Le processus de construction des connaissances chez l’étudiant, provient d’une activité sociale, co-construite et transformée tout au long de son cursus avec son environnement scolaire. L’inscription dans ce processus, lui a permis de développer une culture scolaire, à apprendre à utiliser les systèmes symboliques, ainsi qu’à construire des significations aux activités d’apprentissage. Le rapport au savoir et aux objets pédagogiques s’est construit dans cette culture scolaire et définit par les modalités pédagogiques proposées par une communauté éducative (Amigues et Zerbato-Poudou, 2000).

Quelle mobilisation de la présence de l’étudiant

selon le format pédagogique ?

Les formats pédagogiques proposés par les enseignants, mobilisent l’activité des étudiants à divers niveaux. Les grandes théories de l’apprentissage que sont le comportementalisme, le constructivisme et le socioconstructivisme, fournissent un cadre conceptuel pour proposer des configurations pédagogiques.

En France, le comportementalisme est encore prépondérant dans les pratiques éducatives actuelles (Jonnaert, 2002). Cette approche n’envisage pas l’existence de mécanismes internes

138 individuels et dénie le fonctionnement de la construction de la connaissance humaine. Malgré la faible mobilisation apparente de l’étudiant dans cette forme d’enseignement, ses partisans rappellent que cette situation suppose une rencontre entre un individu et un savoir qui sous- entend de fait, une forme d’activité de l’étudiant. Cette pédagogie incite principalement l’écoute, la concentration, l’attention et la prise de note.

La réflexion de l’étudiant n’est pas observable et c’est certainement cette absence d’indices perceptibles de l’activité intellectuelle de l’étudiant, qui conduit à désigner cette pratique comme une pédagogie passive (Lemaître, 2007). En effet, un observateur extérieur ne serait en mesure de percevoir que l’activité réelle de l’étudiant et non les dimensions du réel de son activité (Clot, 1999, 2006, 2008).

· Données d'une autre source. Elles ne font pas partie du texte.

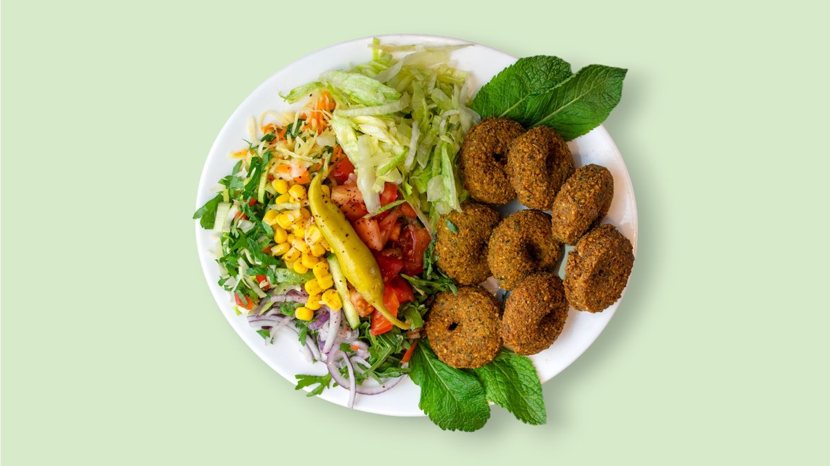 Alle Falafeln werden mit frisch frittierten, gewĂĽrzten Kichererbsenringen, Gurken, Tomaten, Eisbergsalat und Minze serviert

Tout un pan de cette activité relève d’une dimension privée et ne peut être explicitée que par l’étudiant lui-même. Clot considère le réel de l’activité comme allant au-delà de ce que réalise l’acteur. Le réel de l’activité est une épreuve subjective (Clot, 2006) lors de laquelle la personne se mesure à elle-même et aux autres par l’intermédiaire d’instruments qu’elle transforme et utilise pour tenter de réaliser son travail.

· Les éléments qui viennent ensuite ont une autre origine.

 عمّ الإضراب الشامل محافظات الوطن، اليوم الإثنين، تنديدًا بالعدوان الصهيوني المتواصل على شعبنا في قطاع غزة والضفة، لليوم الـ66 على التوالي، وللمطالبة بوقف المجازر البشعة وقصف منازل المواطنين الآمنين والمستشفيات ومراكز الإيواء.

Les pédagogies dites actives, s’inscrivent dans le courant socioconstructiviste et privilégient un apprentissage centré sur une production active de l’étudiant plutôt que sur une transmission unilatérale du savoir. La pédagogie active sollicite un engagement de l’étudiant dans ses actions d’apprentissage en modifiant également son rôle (Lemaître, 2007).

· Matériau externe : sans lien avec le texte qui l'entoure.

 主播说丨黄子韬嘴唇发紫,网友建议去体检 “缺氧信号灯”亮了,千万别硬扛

En effet, l’étudiant doit activer ses connaissances antérieures, les actualiser et les contextualiser. Il doit être en mesure de susciter le conflit cognitif et sociocognitif dans la confrontation à des savoirs et savoir-faire nouveaux ainsi que dans la rencontre avec le point de vue et la compréhension d’autrui (Jézégou, 2010 ; Ketele, 2010). Cette pédagogie incitative s’accompagne entre autre chose d’une reformulation des contenus et d’une redéfinition du statut de la connaissance.

Cette dernière est envisagée à travers un processus de construction qui passe par une mise en acte de l’étudiant. Ainsi, la présence de ce dernier est mobilisée d’une façon qui entre en contradiction avec son rôle dans une pédagogie plus transmissive.